((

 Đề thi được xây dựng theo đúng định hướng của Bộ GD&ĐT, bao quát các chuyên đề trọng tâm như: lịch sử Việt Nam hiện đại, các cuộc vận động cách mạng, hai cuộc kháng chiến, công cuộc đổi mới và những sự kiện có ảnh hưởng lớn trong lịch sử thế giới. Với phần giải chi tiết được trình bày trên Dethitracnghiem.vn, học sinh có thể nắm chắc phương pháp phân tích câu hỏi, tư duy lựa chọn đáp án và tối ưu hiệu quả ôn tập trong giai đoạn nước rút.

))
((

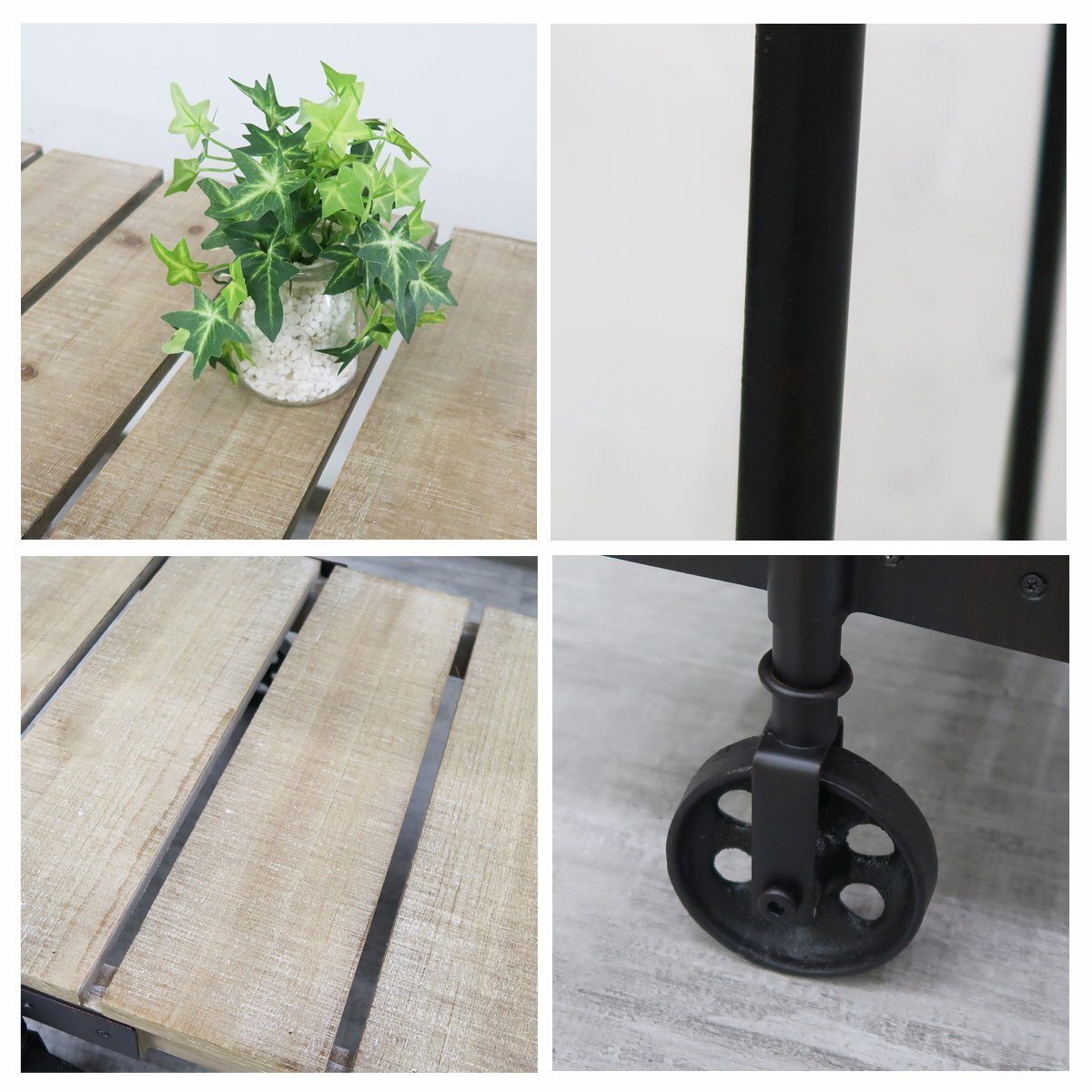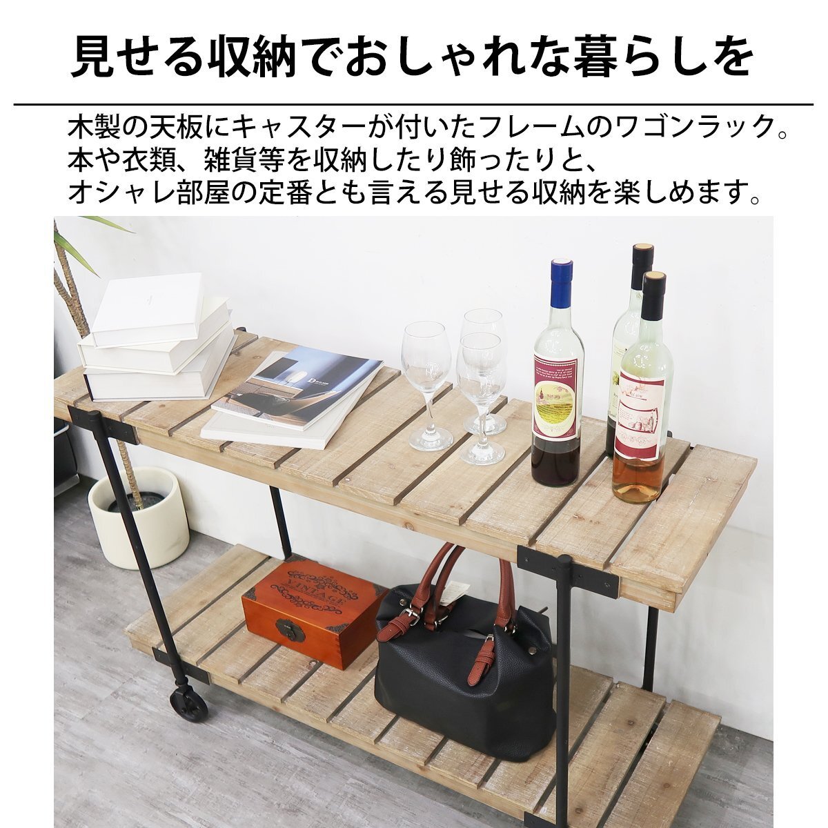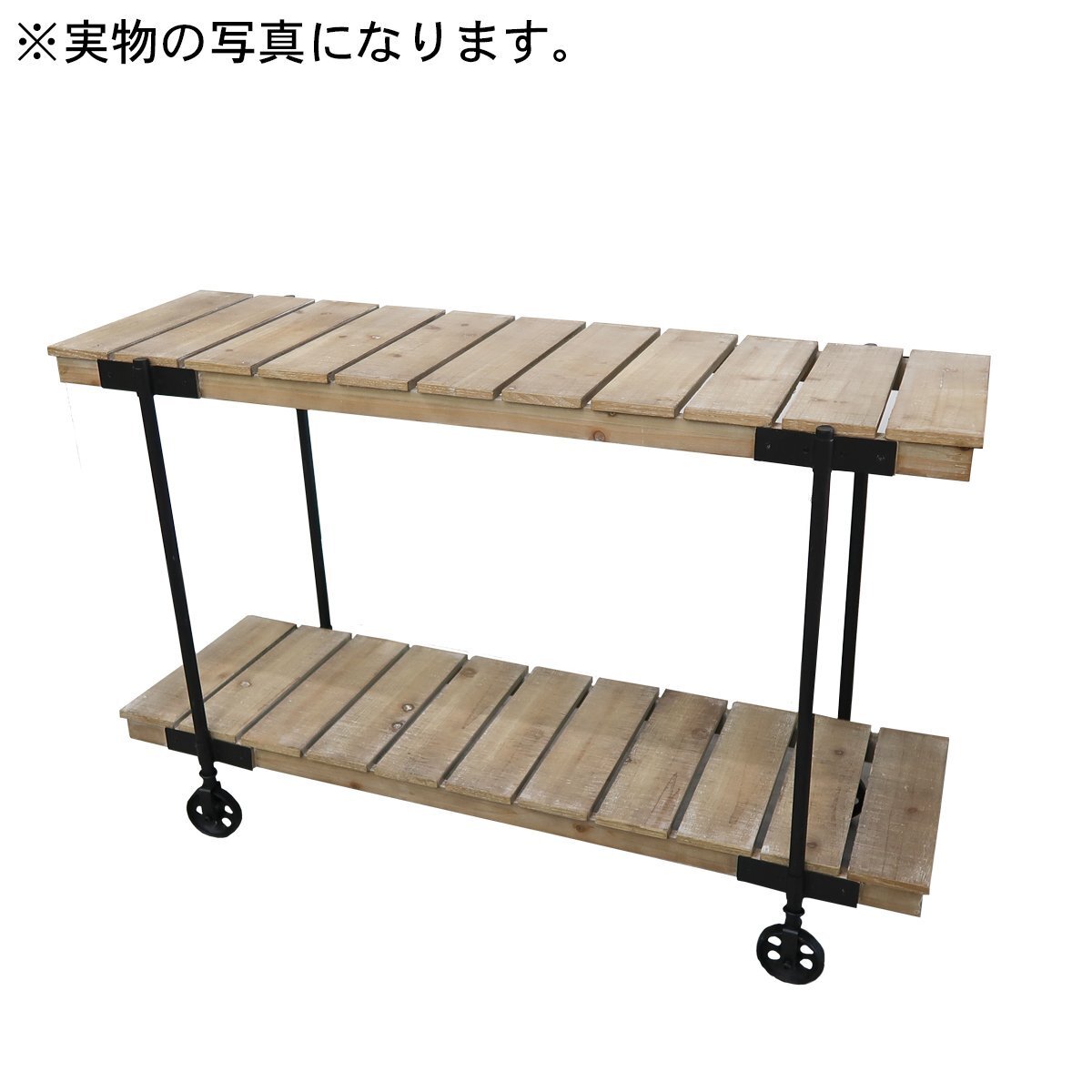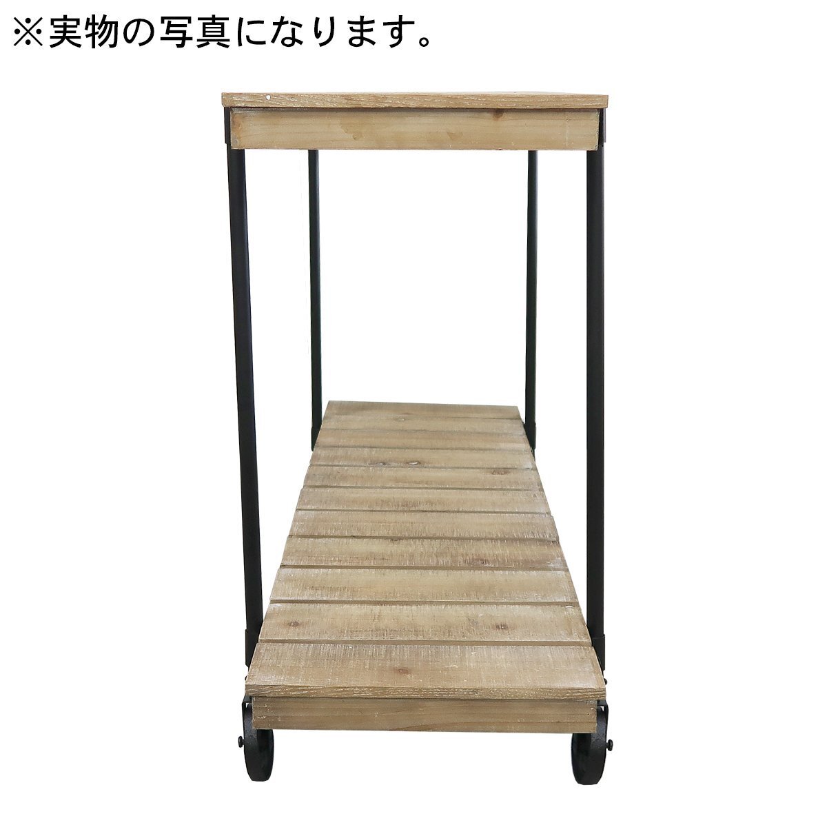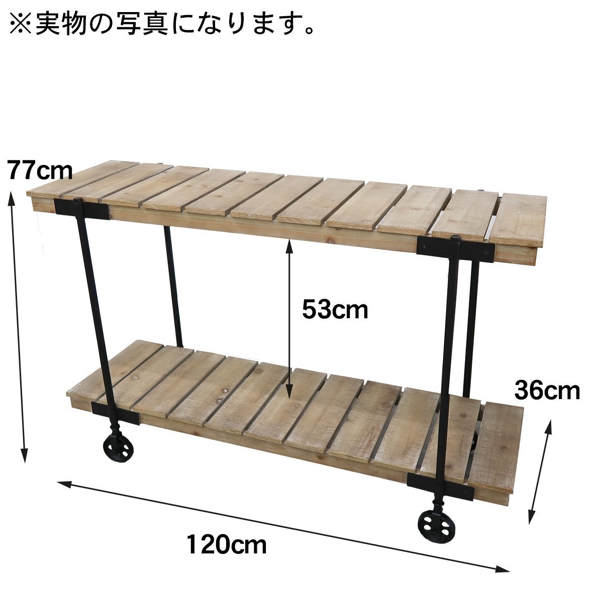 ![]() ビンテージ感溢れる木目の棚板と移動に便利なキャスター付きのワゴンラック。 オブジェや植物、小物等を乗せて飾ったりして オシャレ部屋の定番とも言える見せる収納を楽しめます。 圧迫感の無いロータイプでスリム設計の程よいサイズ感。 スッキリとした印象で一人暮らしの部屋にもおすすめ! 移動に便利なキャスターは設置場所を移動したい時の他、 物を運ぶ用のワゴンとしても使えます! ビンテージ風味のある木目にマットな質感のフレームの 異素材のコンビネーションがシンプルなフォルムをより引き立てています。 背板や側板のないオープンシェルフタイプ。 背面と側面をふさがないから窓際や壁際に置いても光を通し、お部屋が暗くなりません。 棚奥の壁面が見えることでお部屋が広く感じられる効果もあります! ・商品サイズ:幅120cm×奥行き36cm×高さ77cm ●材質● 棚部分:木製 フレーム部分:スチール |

))
((

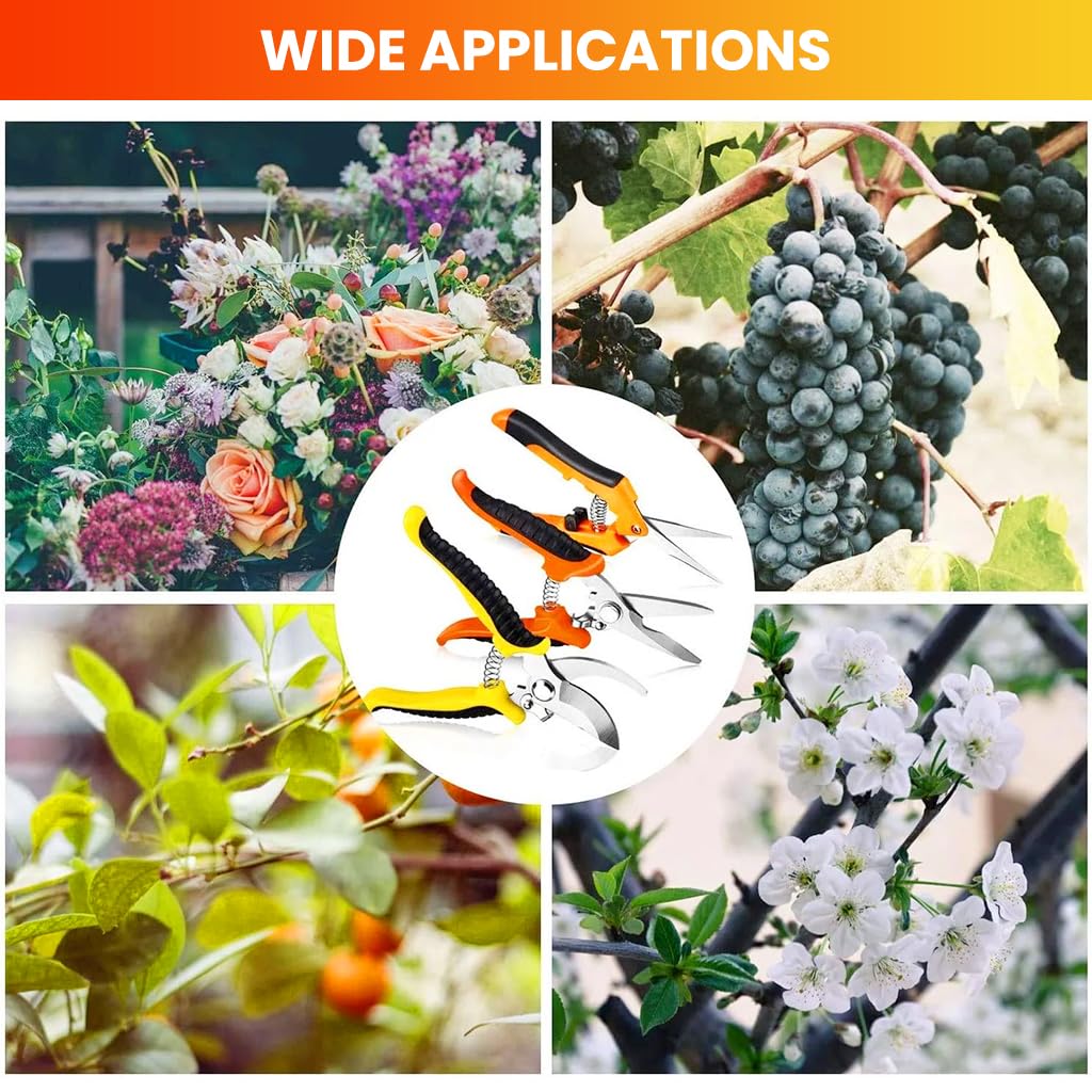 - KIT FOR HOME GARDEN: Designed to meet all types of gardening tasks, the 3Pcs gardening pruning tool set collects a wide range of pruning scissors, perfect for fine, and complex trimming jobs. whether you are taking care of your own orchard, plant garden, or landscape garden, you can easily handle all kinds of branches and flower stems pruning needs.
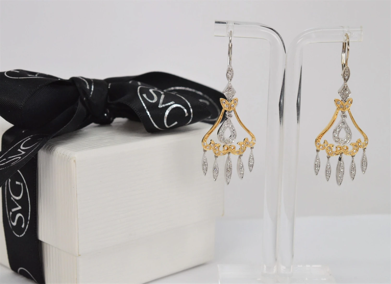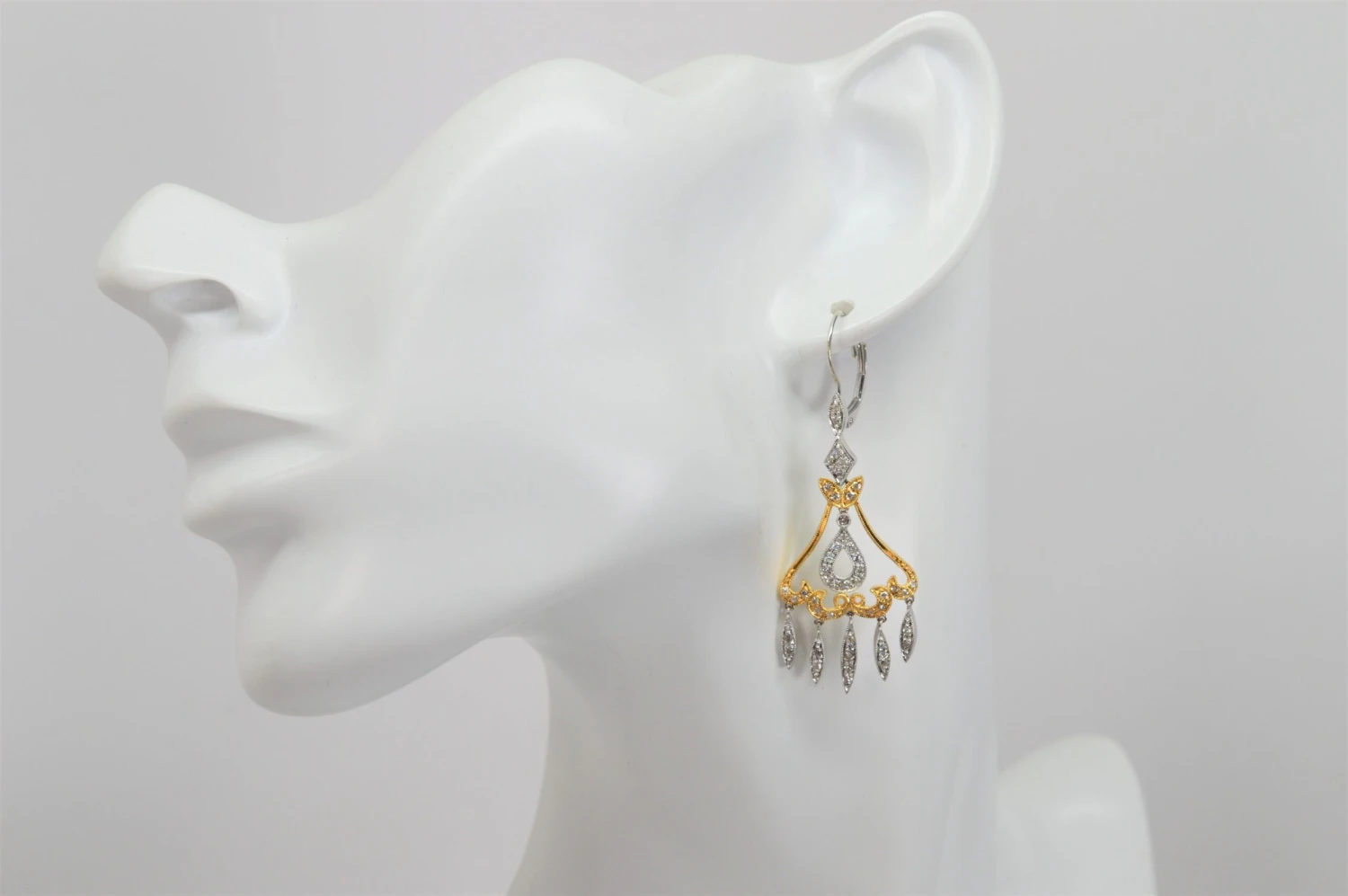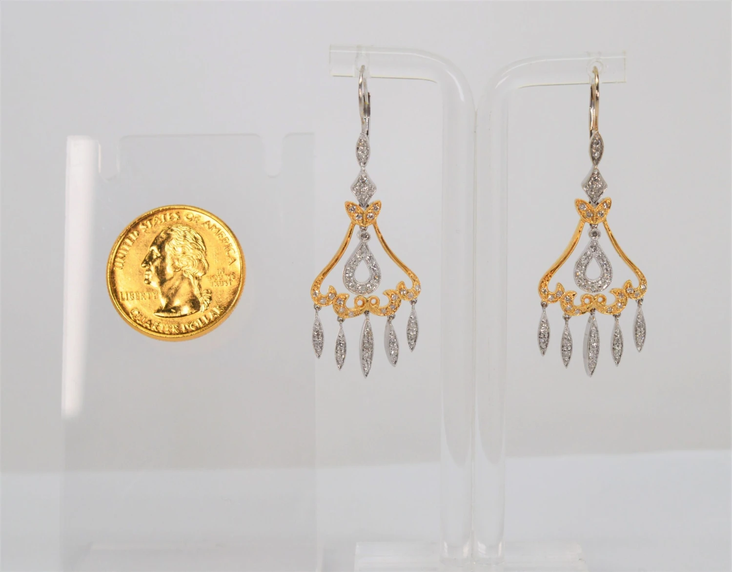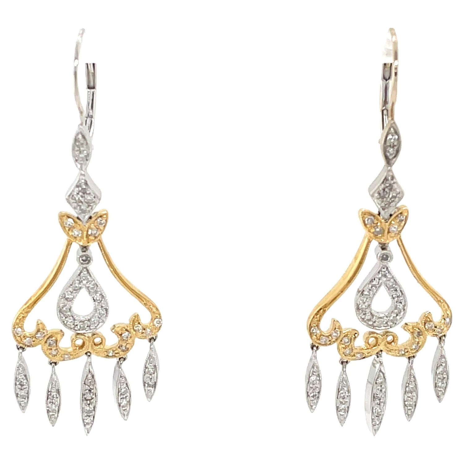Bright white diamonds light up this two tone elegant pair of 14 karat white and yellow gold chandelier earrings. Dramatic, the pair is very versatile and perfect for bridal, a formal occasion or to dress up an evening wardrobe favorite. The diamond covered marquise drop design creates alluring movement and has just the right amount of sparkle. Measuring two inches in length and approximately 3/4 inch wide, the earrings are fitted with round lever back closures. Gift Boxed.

))

Exercise details:
Without the pictures, set down the lines above from the line with "- KIT FOR HOME" up to and including the line with "Bright white diamonds" exactly as they stand.

Completed task:
 - KIT FOR HOME GARDEN: Designed to meet all types of gardening tasks, the 3Pcs gardening pruning tool set collects a wide range of pruning scissors, perfect for fine, and complex trimming jobs. whether you are taking care of your own orchard, plant garden, or landscape garden, you can easily handle all kinds of branches and flower stems pruning needs.
Bright white diamonds light up this two tone elegant pair of 14 karat white and yellow gold chandelier earrings. Dramatic, the pair is very versatile and perfect for bridal, a formal occasion or to dress up an evening wardrobe favorite. The diamond covered marquise drop design creates alluring movement and has just the right amount of sparkle. Measuring two inches in length and approximately 3/4 inch wide, the earrings are fitted with round lever back closures. Gift Boxed.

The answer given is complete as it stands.